§ **Work request**
Print the records below exactly as they appear. Omit all pictures.

§ **Material shown**
***
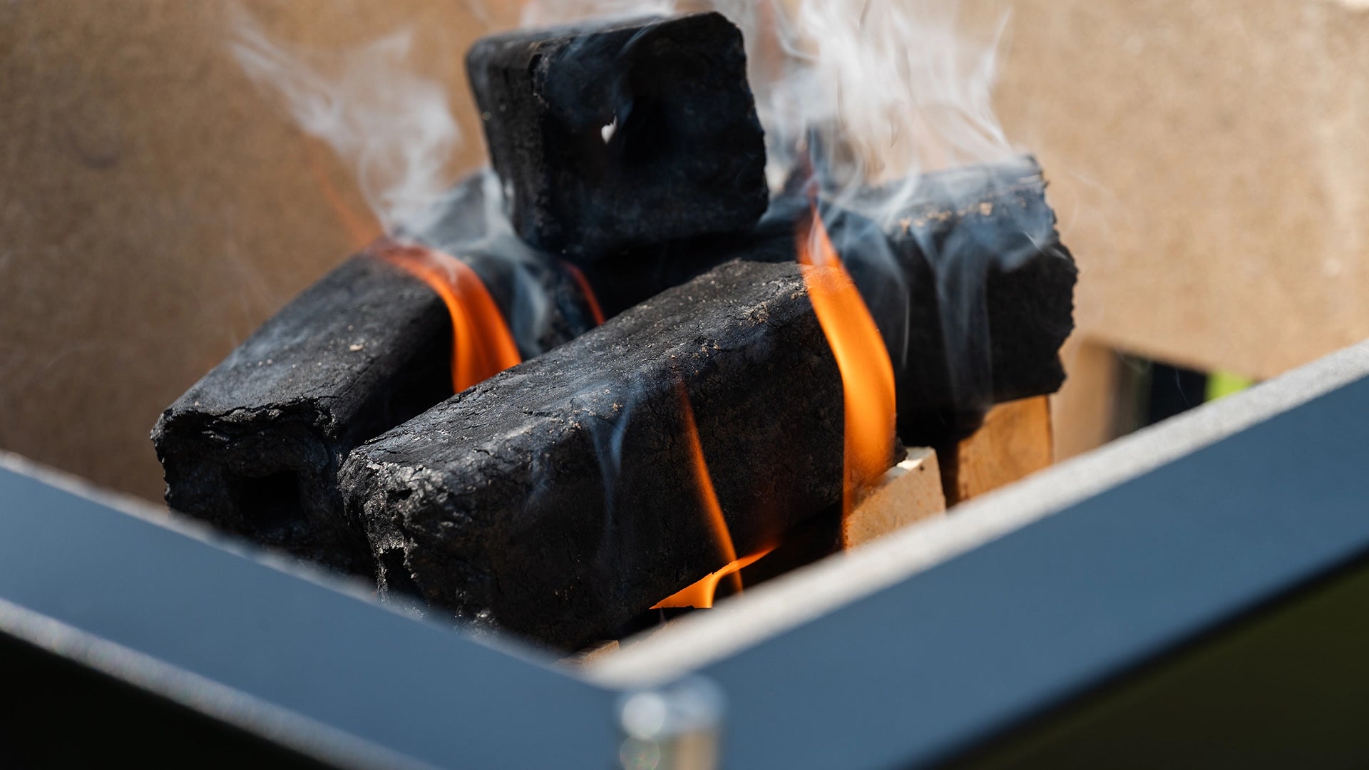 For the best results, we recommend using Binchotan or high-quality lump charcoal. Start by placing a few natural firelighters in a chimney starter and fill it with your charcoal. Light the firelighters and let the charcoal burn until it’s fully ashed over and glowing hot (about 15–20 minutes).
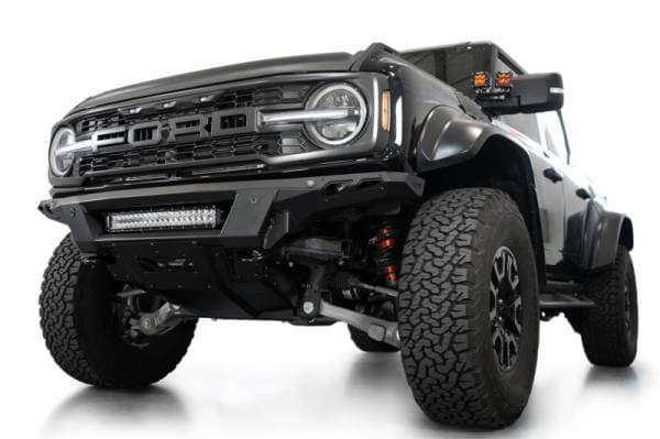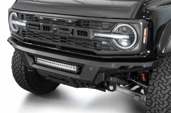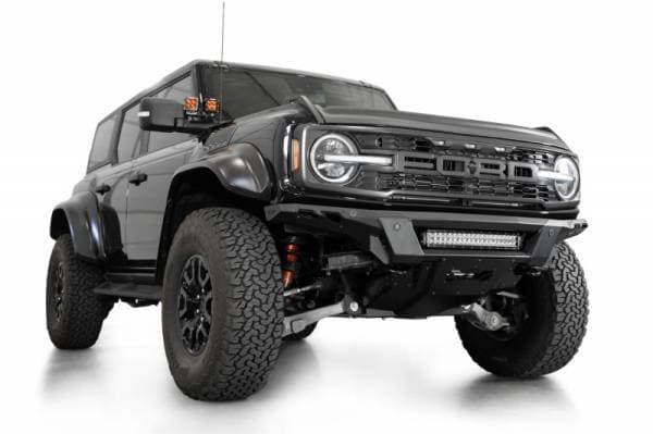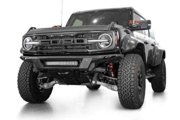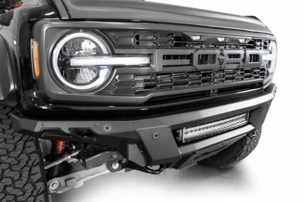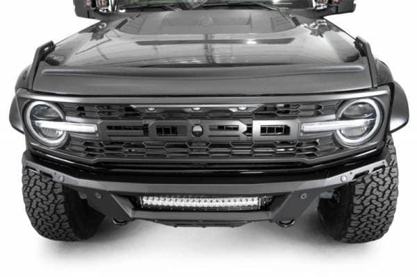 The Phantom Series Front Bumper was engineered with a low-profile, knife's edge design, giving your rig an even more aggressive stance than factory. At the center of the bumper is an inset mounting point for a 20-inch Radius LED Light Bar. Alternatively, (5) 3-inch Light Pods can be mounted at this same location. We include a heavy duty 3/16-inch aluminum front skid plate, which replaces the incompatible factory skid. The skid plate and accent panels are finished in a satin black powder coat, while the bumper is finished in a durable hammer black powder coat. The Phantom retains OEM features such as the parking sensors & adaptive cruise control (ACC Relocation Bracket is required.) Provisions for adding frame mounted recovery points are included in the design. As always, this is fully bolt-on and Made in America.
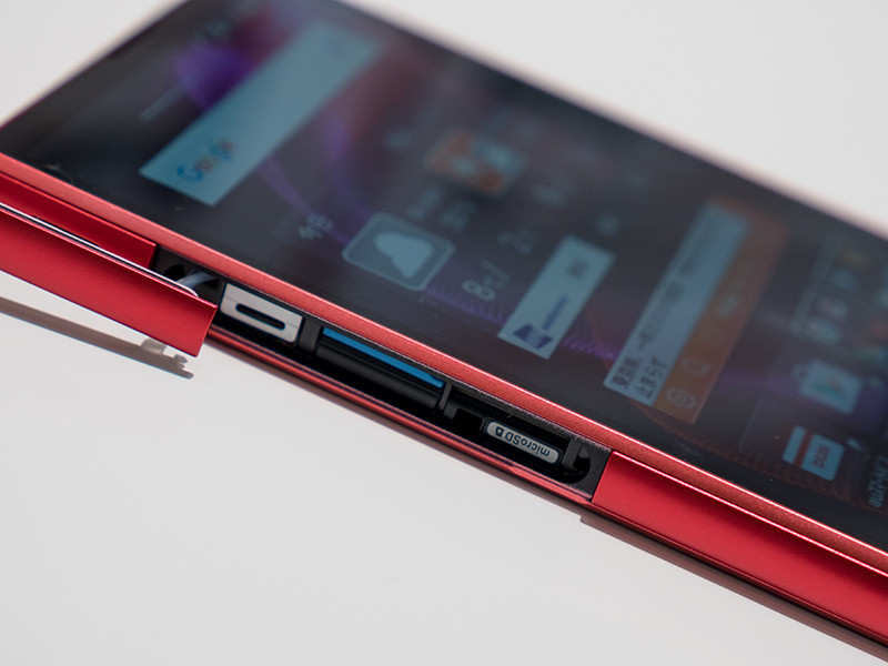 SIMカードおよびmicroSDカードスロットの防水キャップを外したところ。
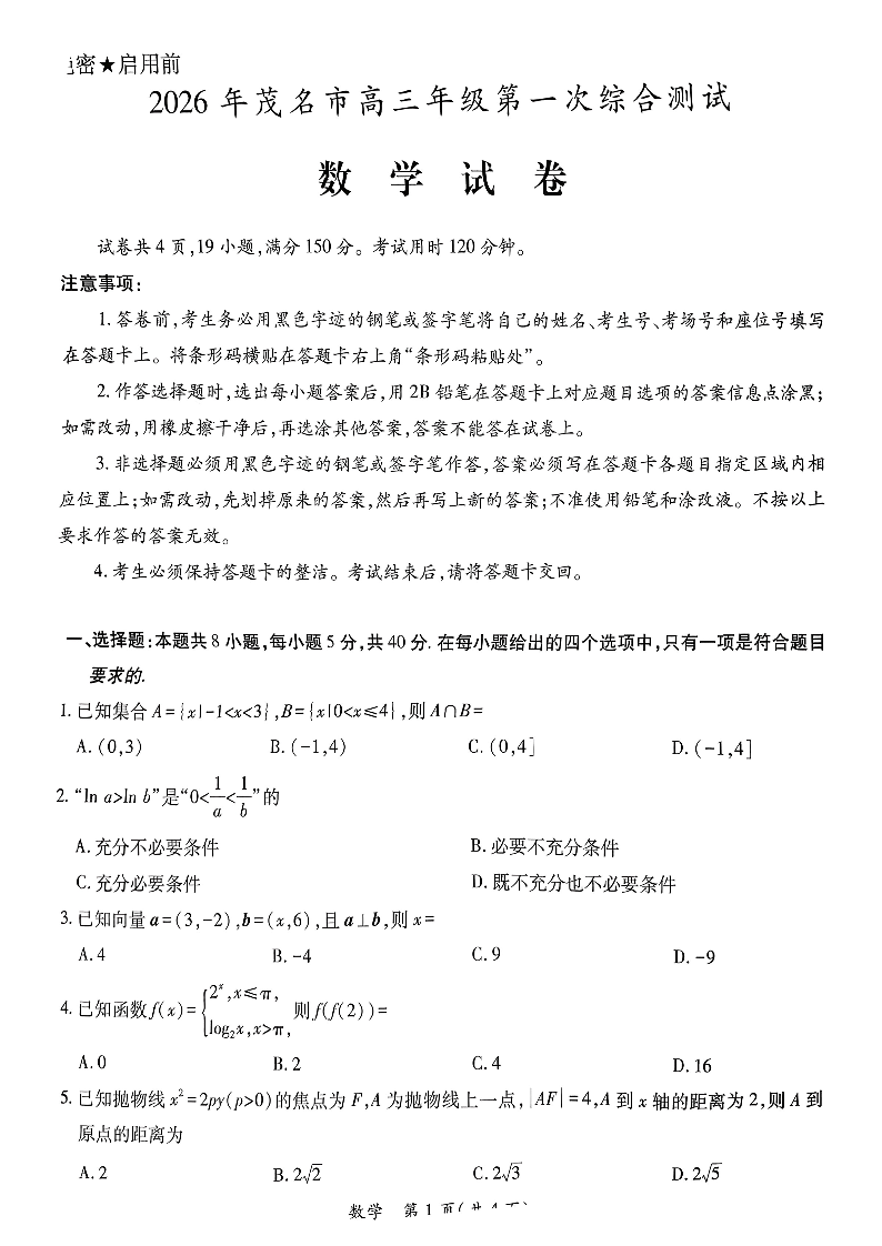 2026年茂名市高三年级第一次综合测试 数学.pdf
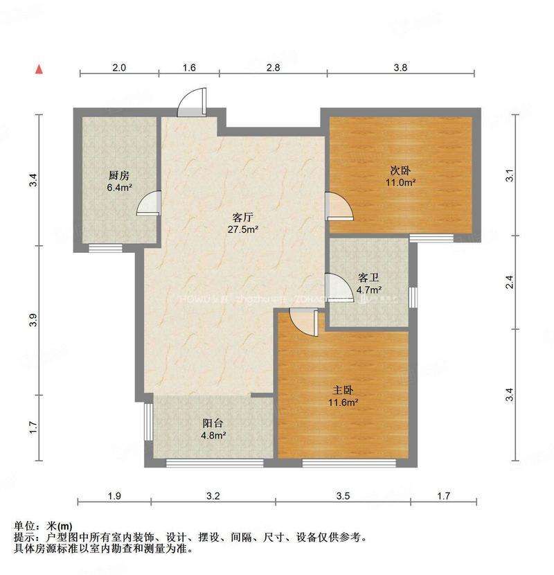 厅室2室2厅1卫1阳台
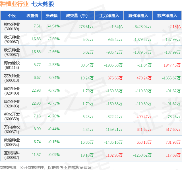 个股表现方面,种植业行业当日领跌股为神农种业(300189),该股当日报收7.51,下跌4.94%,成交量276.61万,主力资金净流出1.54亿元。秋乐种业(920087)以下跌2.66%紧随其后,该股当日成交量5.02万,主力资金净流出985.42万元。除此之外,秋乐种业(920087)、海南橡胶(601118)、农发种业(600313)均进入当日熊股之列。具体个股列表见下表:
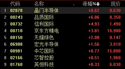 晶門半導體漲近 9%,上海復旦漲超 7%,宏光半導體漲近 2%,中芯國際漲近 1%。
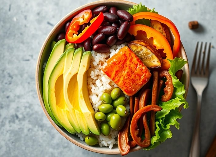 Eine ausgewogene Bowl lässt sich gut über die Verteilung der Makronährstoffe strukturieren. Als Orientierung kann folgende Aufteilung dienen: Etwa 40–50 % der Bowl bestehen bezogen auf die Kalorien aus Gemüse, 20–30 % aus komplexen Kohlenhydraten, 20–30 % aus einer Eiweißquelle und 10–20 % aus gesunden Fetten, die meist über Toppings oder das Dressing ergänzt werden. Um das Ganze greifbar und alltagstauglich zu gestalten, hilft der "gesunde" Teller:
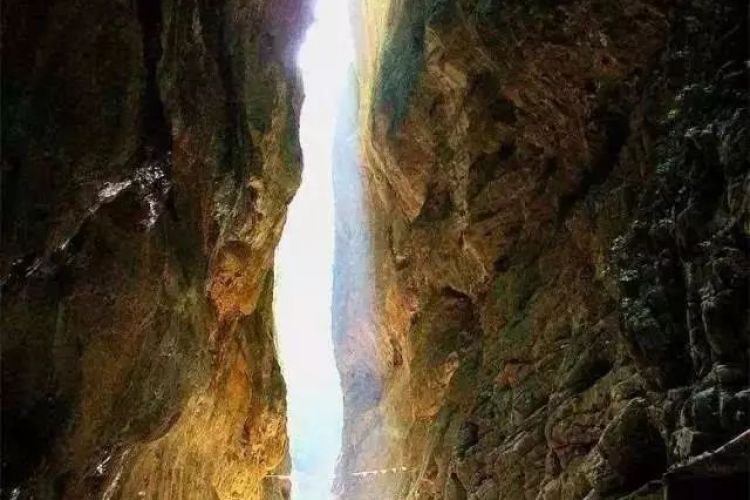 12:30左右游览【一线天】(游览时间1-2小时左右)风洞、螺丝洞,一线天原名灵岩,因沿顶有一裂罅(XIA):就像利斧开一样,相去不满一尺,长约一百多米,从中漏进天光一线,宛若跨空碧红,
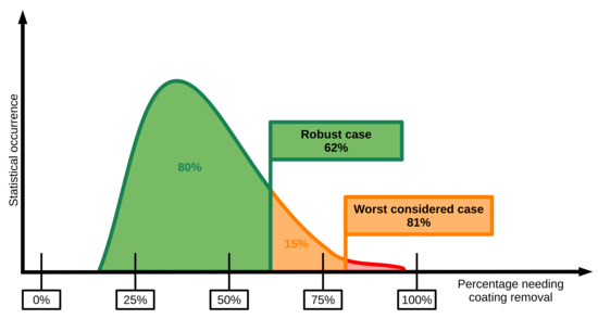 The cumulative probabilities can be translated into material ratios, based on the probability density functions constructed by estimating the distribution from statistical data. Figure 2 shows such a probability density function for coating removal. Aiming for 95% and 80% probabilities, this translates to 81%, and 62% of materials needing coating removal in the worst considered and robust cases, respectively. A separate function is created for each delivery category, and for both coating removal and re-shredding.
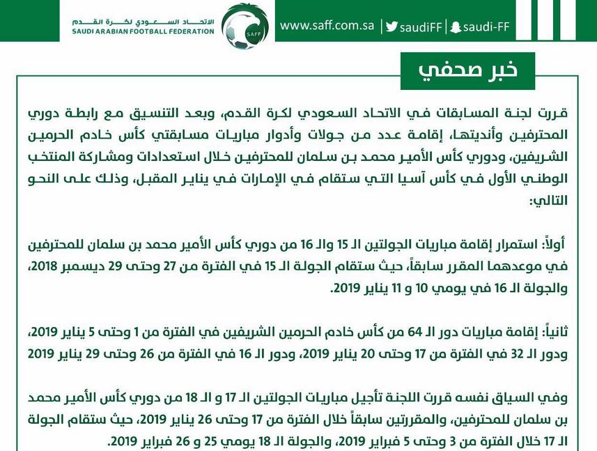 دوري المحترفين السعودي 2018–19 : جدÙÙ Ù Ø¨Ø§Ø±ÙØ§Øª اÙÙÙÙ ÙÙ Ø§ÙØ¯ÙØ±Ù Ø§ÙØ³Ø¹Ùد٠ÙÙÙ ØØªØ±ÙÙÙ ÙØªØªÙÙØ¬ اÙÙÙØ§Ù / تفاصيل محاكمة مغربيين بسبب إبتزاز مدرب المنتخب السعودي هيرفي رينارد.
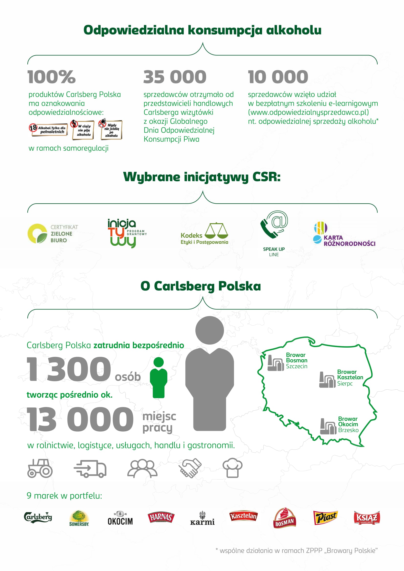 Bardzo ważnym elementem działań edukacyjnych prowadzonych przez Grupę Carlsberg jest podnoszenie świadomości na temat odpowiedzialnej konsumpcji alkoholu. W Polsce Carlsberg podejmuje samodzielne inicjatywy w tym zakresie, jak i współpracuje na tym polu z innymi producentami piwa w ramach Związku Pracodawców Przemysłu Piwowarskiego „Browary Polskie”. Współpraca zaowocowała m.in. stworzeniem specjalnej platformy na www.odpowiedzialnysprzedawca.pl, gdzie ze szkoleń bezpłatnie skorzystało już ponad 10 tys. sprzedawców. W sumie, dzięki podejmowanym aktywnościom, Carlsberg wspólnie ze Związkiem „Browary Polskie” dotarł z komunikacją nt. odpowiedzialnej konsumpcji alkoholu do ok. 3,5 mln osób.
***
§ **Answer box**
 For the best results, we recommend using Binchotan or high-quality lump charcoal. Start by placing a few natural firelighters in a chimney starter and fill it with your charcoal. Light the firelighters and let the charcoal burn until it’s fully ashed over and glowing hot (about 15–20 minutes).
 The Phantom Series Front Bumper was engineered with a low-profile, knife's edge design, giving your rig an even more aggressive stance than factory. At the center of the bumper is an inset mounting point for a 20-inch Radius LED Light Bar. Alternatively, (5) 3-inch Light Pods can be mounted at this same location. We include a heavy duty 3/16-inch aluminum front skid plate, which replaces the incompatible factory skid. The skid plate and accent panels are finished in a satin black powder coat, while the bumper is finished in a durable hammer black powder coat. The Phantom retains OEM features such as the parking sensors & adaptive cruise control (ACC Relocation Bracket is required.) Provisions for adding frame mounted recovery points are included in the design. As always, this is fully bolt-on and Made in America.
 SIMカードおよびmicroSDカードスロットの防水キャップを外したところ。
 2026年茂名市高三年级第一次综合测试 数学.pdf
 厅室2室2厅1卫1阳台
 个股表现方面,种植业行业当日领跌股为神农种业(300189),该股当日报收7.51,下跌4.94%,成交量276.61万,主力资金净流出1.54亿元。秋乐种业(920087)以下跌2.66%紧随其后,该股当日成交量5.02万,主力资金净流出985.42万元。除此之外,秋乐种业(920087)、海南橡胶(601118)、农发种业(600313)均进入当日熊股之列。具体个股列表见下表:
 晶門半導體漲近 9%,上海復旦漲超 7%,宏光半導體漲近 2%,中芯國際漲近 1%。
 Eine ausgewogene Bowl lässt sich gut über die Verteilung der Makronährstoffe strukturieren. Als Orientierung kann folgende Aufteilung dienen: Etwa 40–50 % der Bowl bestehen bezogen auf die Kalorien aus Gemüse, 20–30 % aus komplexen Kohlenhydraten, 20–30 % aus einer Eiweißquelle und 10–20 % aus gesunden Fetten, die meist über Toppings oder das Dressing ergänzt werden. Um das Ganze greifbar und alltagstauglich zu gestalten, hilft der "gesunde" Teller:
 12:30左右游览【一线天】(游览时间1-2小时左右)风洞、螺丝洞,一线天原名灵岩,因沿顶有一裂罅(XIA):就像利斧开一样,相去不满一尺,长约一百多米,从中漏进天光一线,宛若跨空碧红,
 The cumulative probabilities can be translated into material ratios, based on the probability density functions constructed by estimating the distribution from statistical data. Figure 2 shows such a probability density function for coating removal. Aiming for 95% and 80% probabilities, this translates to 81%, and 62% of materials needing coating removal in the worst considered and robust cases, respectively. A separate function is created for each delivery category, and for both coating removal and re-shredding.
 دوري المحترفين السعودي 2018–19 : جدÙÙ Ù Ø¨Ø§Ø±ÙØ§Øª اÙÙÙÙ ÙÙ Ø§ÙØ¯ÙØ±Ù Ø§ÙØ³Ø¹Ùد٠ÙÙÙ ØØªØ±ÙÙÙ ÙØªØªÙÙØ¬ اÙÙÙØ§Ù / تفاصيل محاكمة مغربيين بسبب إبتزاز مدرب المنتخب السعودي هيرفي رينارد.
 Bardzo ważnym elementem działań edukacyjnych prowadzonych przez Grupę Carlsberg jest podnoszenie świadomości na temat odpowiedzialnej konsumpcji alkoholu. W Polsce Carlsberg podejmuje samodzielne inicjatywy w tym zakresie, jak i współpracuje na tym polu z innymi producentami piwa w ramach Związku Pracodawców Przemysłu Piwowarskiego „Browary Polskie”. Współpraca zaowocowała m.in. stworzeniem specjalnej platformy na www.odpowiedzialnysprzedawca.pl, gdzie ze szkoleń bezpłatnie skorzystało już ponad 10 tys. sprzedawców. W sumie, dzięki podejmowanym aktywnościom, Carlsberg wspólnie ze Związkiem „Browary Polskie” dotarł z komunikacją nt. odpowiedzialnej konsumpcji alkoholu do ok. 3,5 mln osób.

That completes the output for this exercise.